● What is required: In the material below, the lines between the one holding "Cozi uriașe pe" and the one holding "Opis: Iznajmljuje se", inclusive, are to be set down word for word. Pictures stay out.

● Extracted information:
================================

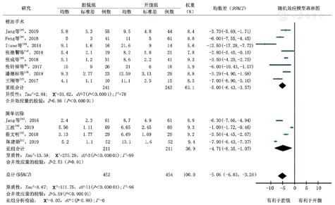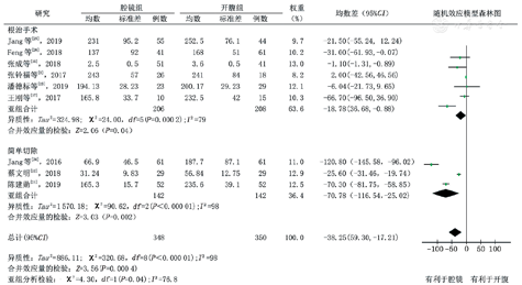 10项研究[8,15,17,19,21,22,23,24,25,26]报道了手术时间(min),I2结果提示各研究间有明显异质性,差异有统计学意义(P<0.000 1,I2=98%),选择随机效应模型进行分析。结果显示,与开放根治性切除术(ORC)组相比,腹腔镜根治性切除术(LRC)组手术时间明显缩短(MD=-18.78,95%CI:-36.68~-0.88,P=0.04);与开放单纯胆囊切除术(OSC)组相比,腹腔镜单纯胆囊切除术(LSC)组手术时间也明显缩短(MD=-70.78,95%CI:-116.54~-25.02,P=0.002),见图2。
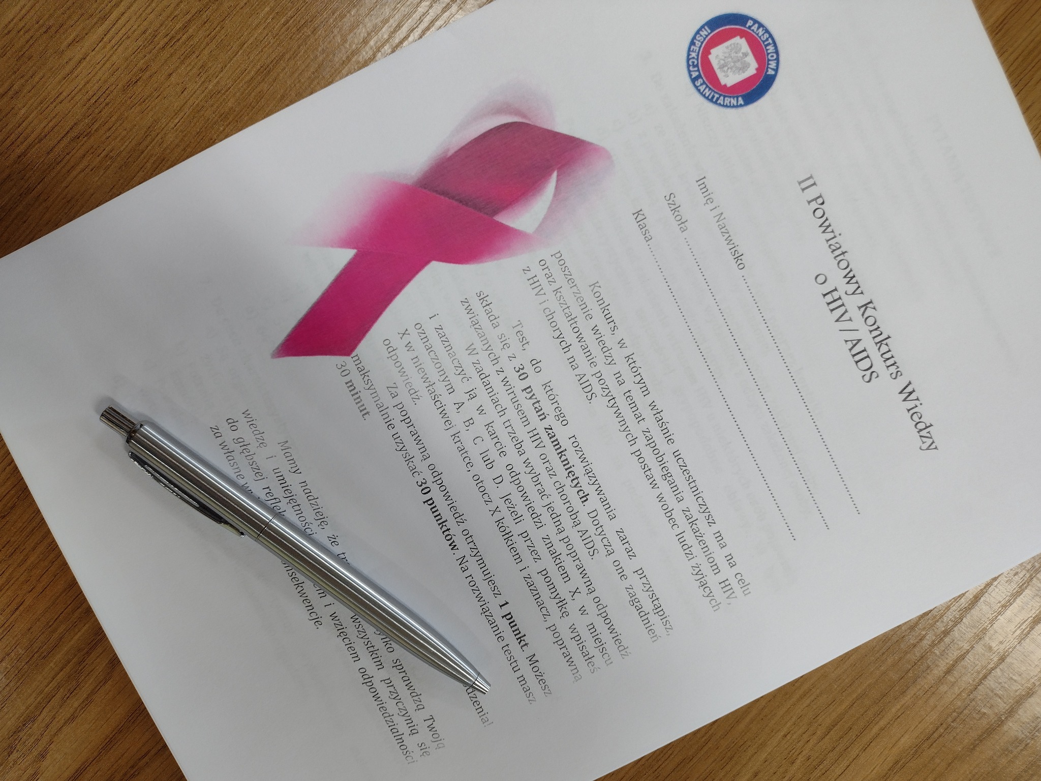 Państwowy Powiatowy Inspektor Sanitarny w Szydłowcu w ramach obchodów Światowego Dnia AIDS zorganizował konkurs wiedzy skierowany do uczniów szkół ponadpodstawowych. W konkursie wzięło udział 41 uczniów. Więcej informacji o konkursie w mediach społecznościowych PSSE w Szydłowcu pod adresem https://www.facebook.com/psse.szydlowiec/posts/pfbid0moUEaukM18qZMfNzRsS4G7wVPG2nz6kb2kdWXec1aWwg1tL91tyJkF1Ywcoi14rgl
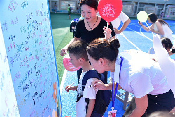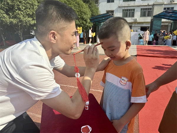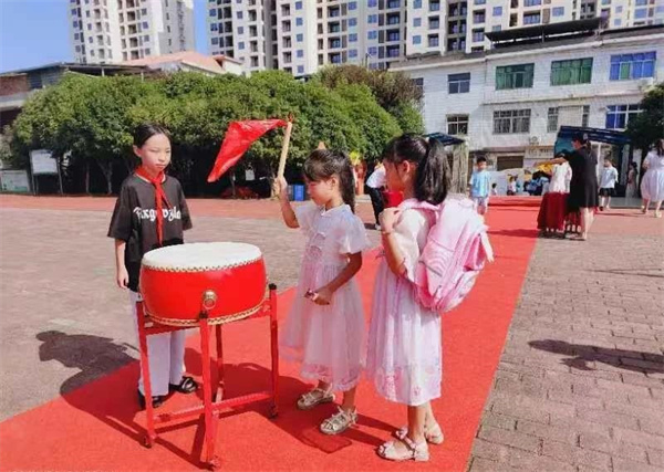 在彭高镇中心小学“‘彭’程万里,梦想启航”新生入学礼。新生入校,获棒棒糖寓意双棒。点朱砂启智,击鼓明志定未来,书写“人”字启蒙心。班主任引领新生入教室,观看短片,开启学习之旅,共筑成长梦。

================================

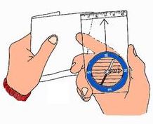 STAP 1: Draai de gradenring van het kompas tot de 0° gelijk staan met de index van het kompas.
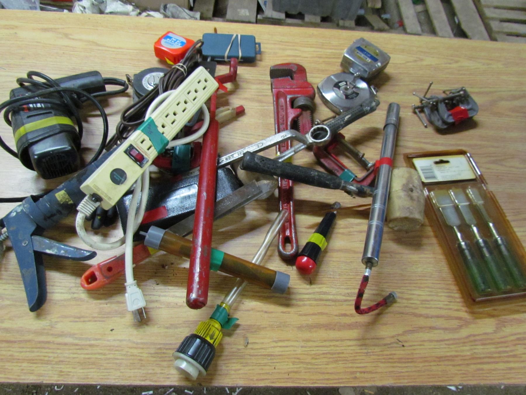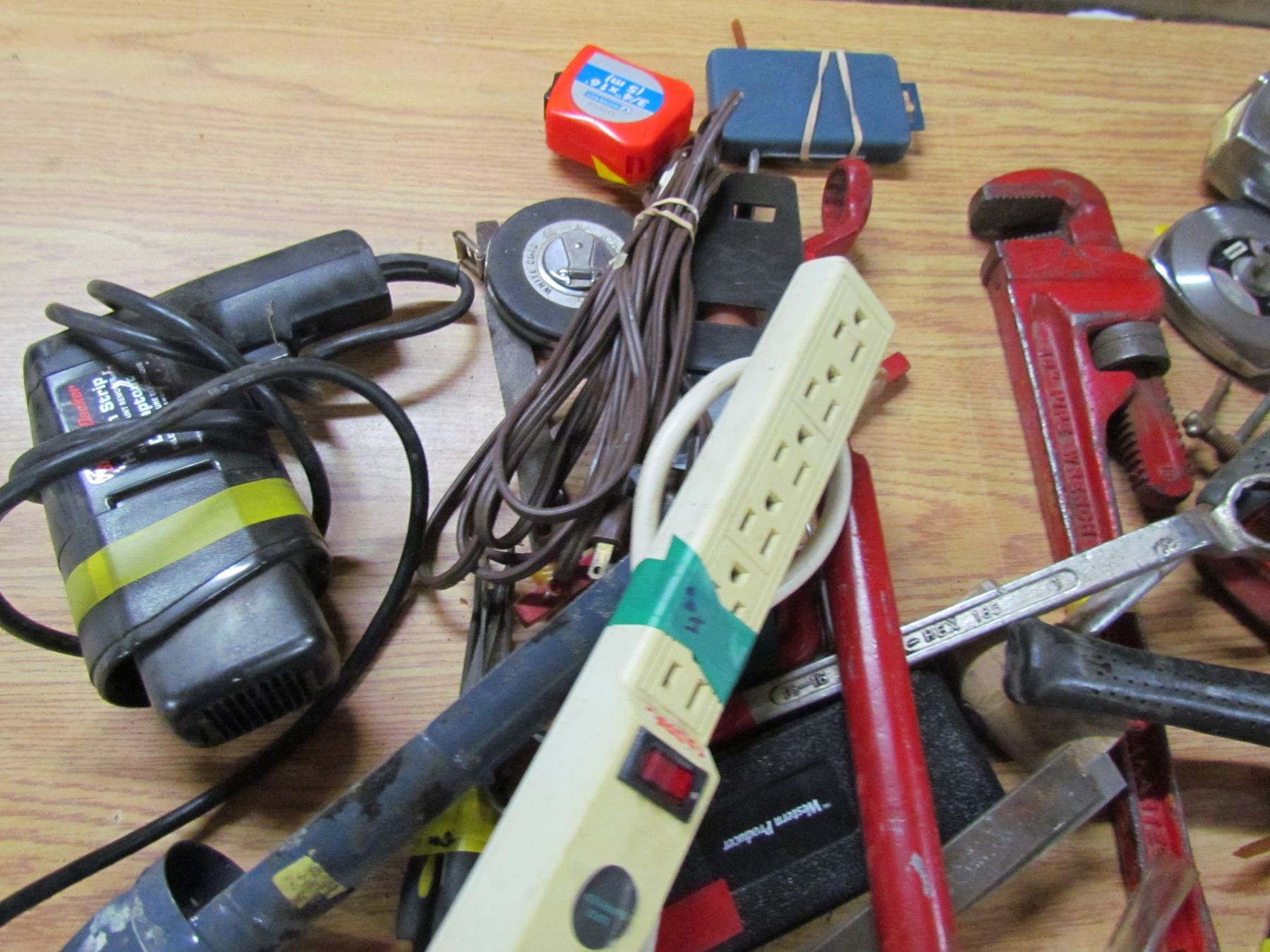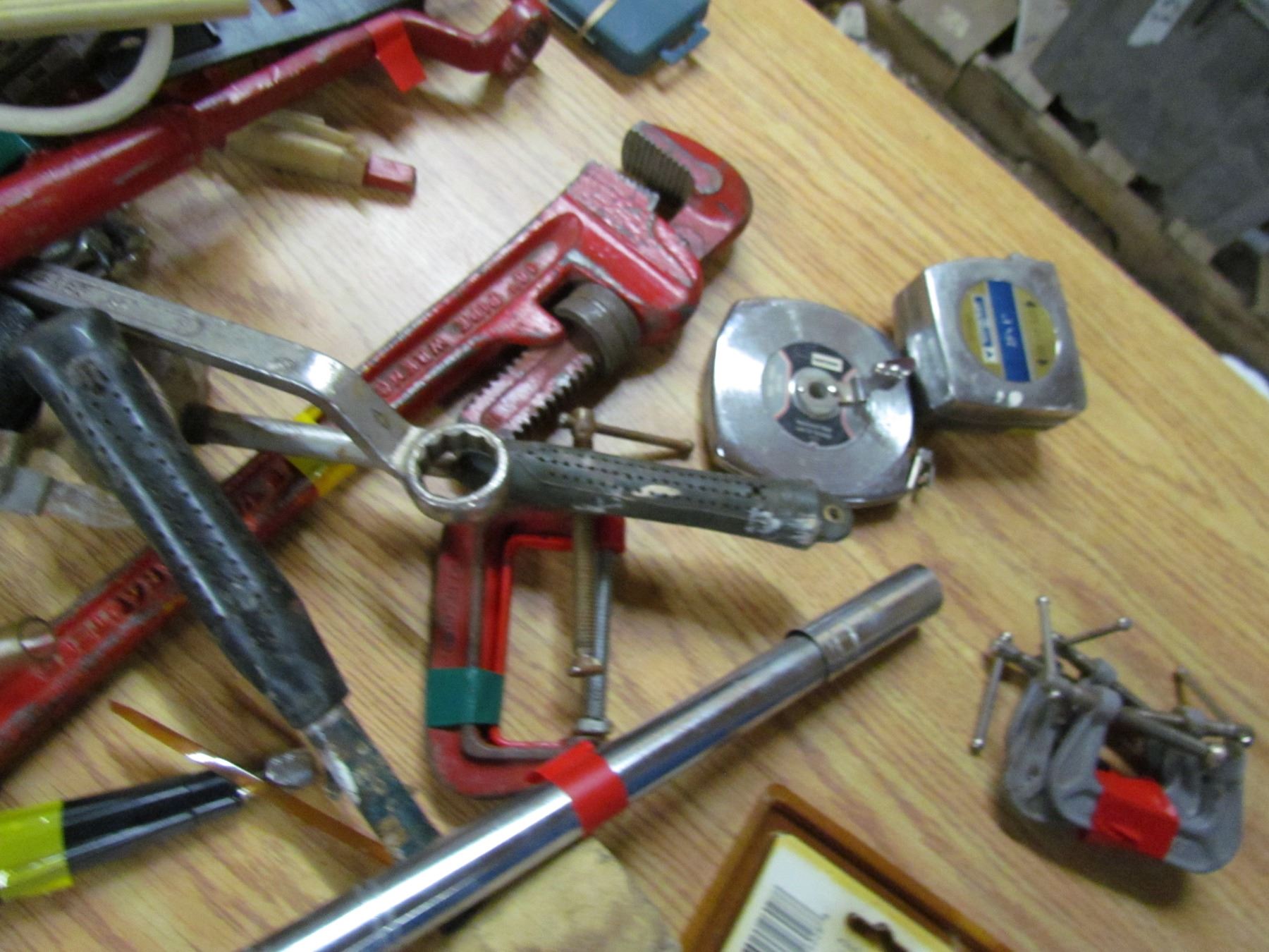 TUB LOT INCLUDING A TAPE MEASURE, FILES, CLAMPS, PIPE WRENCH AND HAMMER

================================

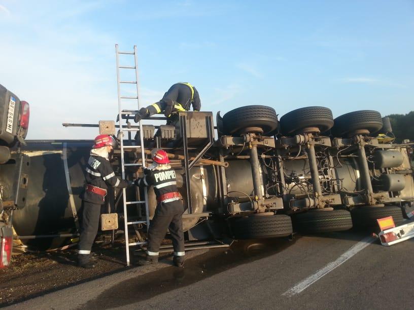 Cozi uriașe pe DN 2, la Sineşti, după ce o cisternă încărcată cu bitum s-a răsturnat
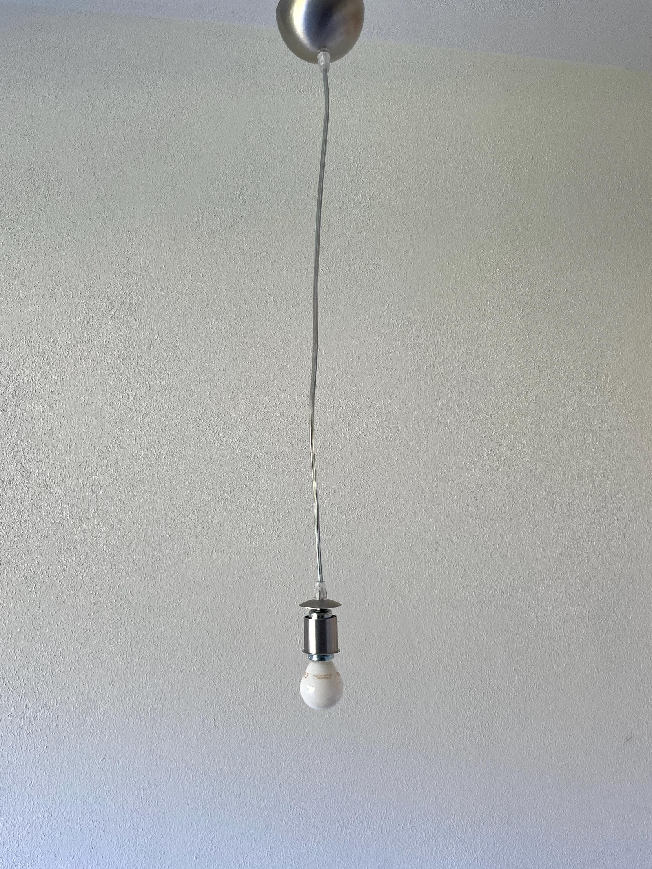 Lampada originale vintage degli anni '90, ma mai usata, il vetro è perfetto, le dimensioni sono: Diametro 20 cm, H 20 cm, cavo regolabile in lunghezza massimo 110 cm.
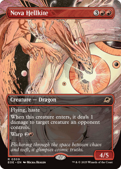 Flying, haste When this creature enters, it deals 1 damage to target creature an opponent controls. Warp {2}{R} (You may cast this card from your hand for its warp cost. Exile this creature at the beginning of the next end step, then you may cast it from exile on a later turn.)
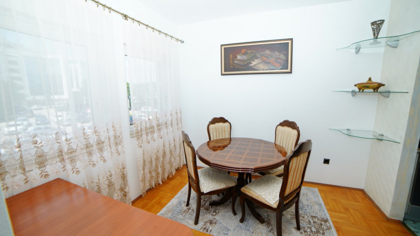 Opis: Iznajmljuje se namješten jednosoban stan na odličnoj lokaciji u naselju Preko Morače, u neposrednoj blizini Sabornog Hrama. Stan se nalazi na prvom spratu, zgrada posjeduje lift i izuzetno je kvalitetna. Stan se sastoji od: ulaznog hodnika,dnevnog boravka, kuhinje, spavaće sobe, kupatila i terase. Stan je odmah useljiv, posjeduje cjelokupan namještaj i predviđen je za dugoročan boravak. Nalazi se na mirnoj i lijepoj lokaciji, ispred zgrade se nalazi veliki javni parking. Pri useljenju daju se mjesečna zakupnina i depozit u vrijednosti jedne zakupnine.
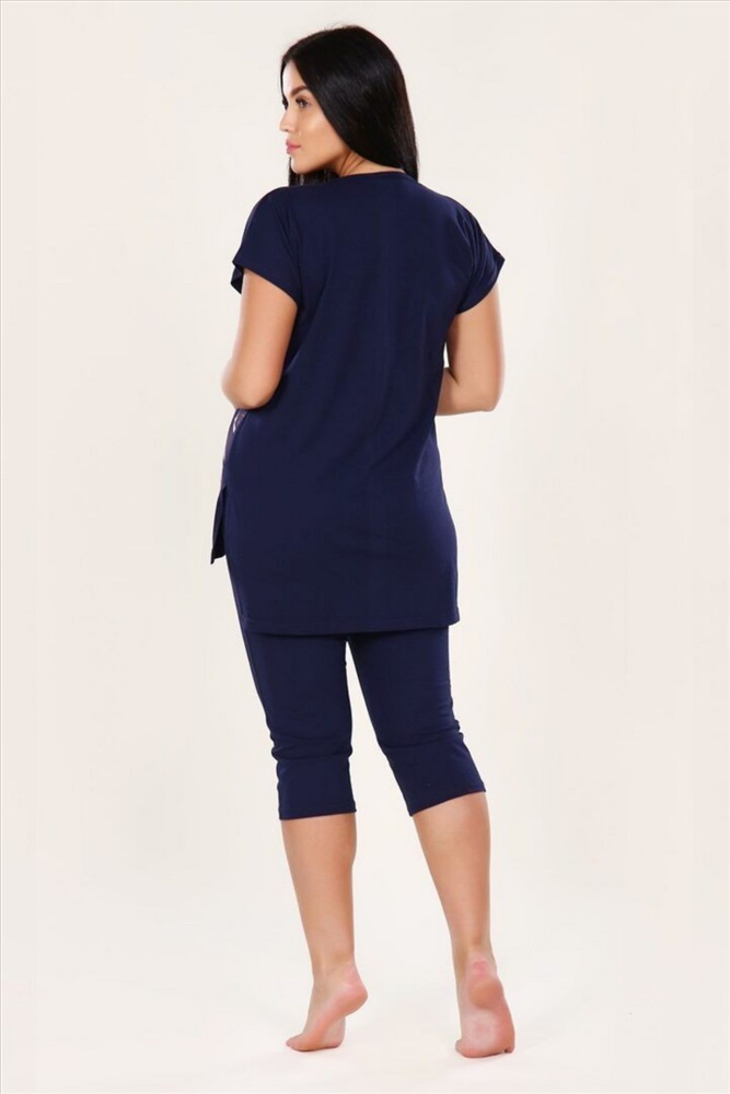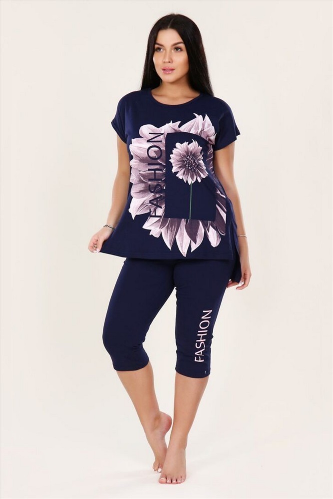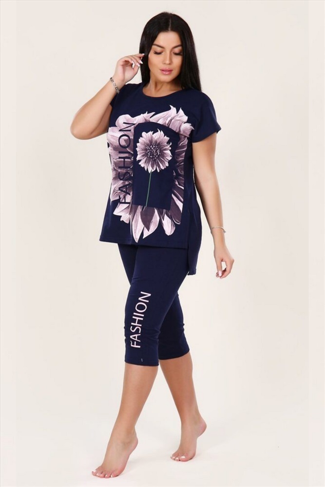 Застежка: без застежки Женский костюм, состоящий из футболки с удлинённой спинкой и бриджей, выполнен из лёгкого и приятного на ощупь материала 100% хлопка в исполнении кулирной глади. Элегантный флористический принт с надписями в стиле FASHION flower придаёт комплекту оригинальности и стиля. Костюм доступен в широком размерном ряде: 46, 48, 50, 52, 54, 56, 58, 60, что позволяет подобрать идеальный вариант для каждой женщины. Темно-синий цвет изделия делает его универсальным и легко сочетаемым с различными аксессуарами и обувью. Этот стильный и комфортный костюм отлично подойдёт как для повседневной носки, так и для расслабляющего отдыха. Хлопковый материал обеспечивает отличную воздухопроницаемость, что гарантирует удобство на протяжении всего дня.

================================

● Solved exercise:
 Cozi uriașe pe DN 2, la Sineşti, după ce o cisternă încărcată cu bitum s-a răsturnat
 Lampada originale vintage degli anni '90, ma mai usata, il vetro è perfetto, le dimensioni sono: Diametro 20 cm, H 20 cm, cavo regolabile in lunghezza massimo 110 cm.
 Flying, haste When this creature enters, it deals 1 damage to target creature an opponent controls. Warp {2}{R} (You may cast this card from your hand for its warp cost. Exile this creature at the beginning of the next end step, then you may cast it from exile on a later turn.)
 Opis: Iznajmljuje se namješten jednosoban stan na odličnoj lokaciji u naselju Preko Morače, u neposrednoj blizini Sabornog Hrama. Stan se nalazi na prvom spratu, zgrada posjeduje lift i izuzetno je kvalitetna. Stan se sastoji od: ulaznog hodnika,dnevnog boravka, kuhinje, spavaće sobe, kupatila i terase. Stan je odmah useljiv, posjeduje cjelokupan namještaj i predviđen je za dugoročan boravak. Nalazi se na mirnoj i lijepoj lokaciji, ispred zgrade se nalazi veliki javni parking. Pri useljenju daju se mjesečna zakupnina i depozit u vrijednosti jedne zakupnine.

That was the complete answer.